Another Death in the Cloud As Apple Kills Off iWork 134
Posted
by
timothy
from the ways-of-knowing dept.
from the ways-of-knowing dept.
Google is retiring the iGoogle page, but on a much shorter time scale, Apple is shutting down an iService of its own: the cloud-storage site iWork.com (linked to Apple's office apps suite iWork) is slated to go offline at the end of this month. Says the article, over at SlashCloud: "As of that date, 'you will no longer be able to access your documents on the iWork.com site or view them on the Web,' reads Apple’s note on the matter, followed by a recommendation that anyone with documents on iWork download them to the desktop." Both of these announcements remind me why I covet local storage for documents and the ability to set my own GUI prefs.
The Cloud and streaming (Score:5, Interesting)
I got in an argument with essentially my whole class by saying that we never going to fully get rid of system in the home and probably at work. Everyone was "Keep the data in the cloud, we can stream anything all the time, all I need is my smartphone." They brushed off my security arguments, the fact that communications can go down, and you're really going to compose spreadsheets and reports on your smartphone? It was an MBA class, by the way.
Is this really an issue? (Score:5, Interesting)
Seriously, Apple abandoning iWork is the fundamental equivalent of dropping floppy drives.
If new computers are not going to use floppy drives then you will have to transfer them to a different storage medium if you want to access the content after the fact.
Dropping an iService is equivalent to moving your content to another form of storage, whether its physical or virtual.
What would be "nice" is for Apple to provide some kind of utility or tool to make conversion easier. iWork.com should now have a button on it to zip up and download one large file of all your content rather then having to manually move individual files to your desktop. Of, zip it up and move it to Apple's new cloud storage, or convert to new Numbers/Pages/Keynote files stored in the cloud, etc. There are about a dozen ways Apple could make this easier for people rather then just cutting the power a month from now.

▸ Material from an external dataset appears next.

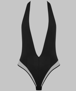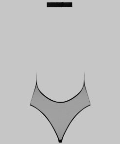 The V-neck thong bodysuit – Pure Tentation explores contrasts. Its cut enhances the figure with a plunging V-neckline at the front and an ultra-sheer back scooped down to the small of the back. Made from light tulle and opaque microfiber, it plays with layering and illusion. A discreet hook-and-eye closure at the crotch ensures comfort, while a back neck opening makes it easy to slip on. Cotton lining at the crotch.
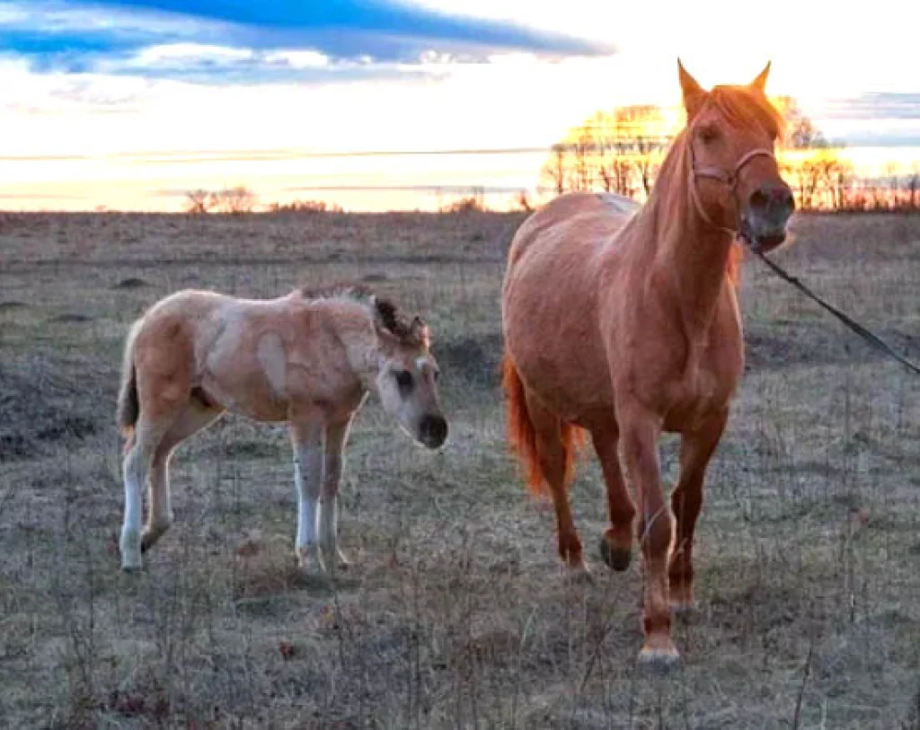 Куполёк - первый жеребенок, родившийся в конюшне Куликова поля за последние пять лет. Его родители - Коломбина

Its good for old services that are not used to die and allow companies to focus on providing better services people actually use. The opposite is Windows which supports every freaking hardware and software standard on the planet even if only .1% of the people use any of it. I am sure there is still code buried deep in the Windows kernel to support 8" floppy drives.
In the long run, everybody hates change, but they always seem to love the results.
Re:Apple products don't work (Score:5, Interesting)
Why did this get marked down? Has nobody been watching since Cook took the big chair? Turning FCP into iMovie pro, dragging ass when it comes to updating the pro line (and when they did it was still behind the curve BAD), killing the server line, its pretty damned obvious that while Jobs liked the idea that "The movies are made on Apple products" that Cook? He really don't give a shit.
Mark my words within 2 years the pro line will be quietly canned, probably with some press release stating the iPad is the new Pro tool or some such BS, and the line will be trimmed down to maybe 2 Macbooks and a couple of iMacs and that's it. Frankly I wouldn't be surprised if Cook exits X86 altogether, its just not nearly as high margin as mobile and its controlled by Intel and NOT Apple which has never set well with Apple.
Frankly when Intel slit Nvidia's throat on the chipset business i figured it was the beginning of the end for Apple X86, Apple and Nvidia had a nice relationship and Intel just killing it like that couldn't have made any friends at Cupertino. Then you look into Cook's past, how he likes to lock parts up with multiyear contracts so they know what is coming when and how much and having their X86 line dictated by Intel must not sit nice with them. They should have went with AMD where they would have had more pull but seeing what Apple has been doing in the pro line I have a feeling Cook will just wash his hands of X86 completely instead.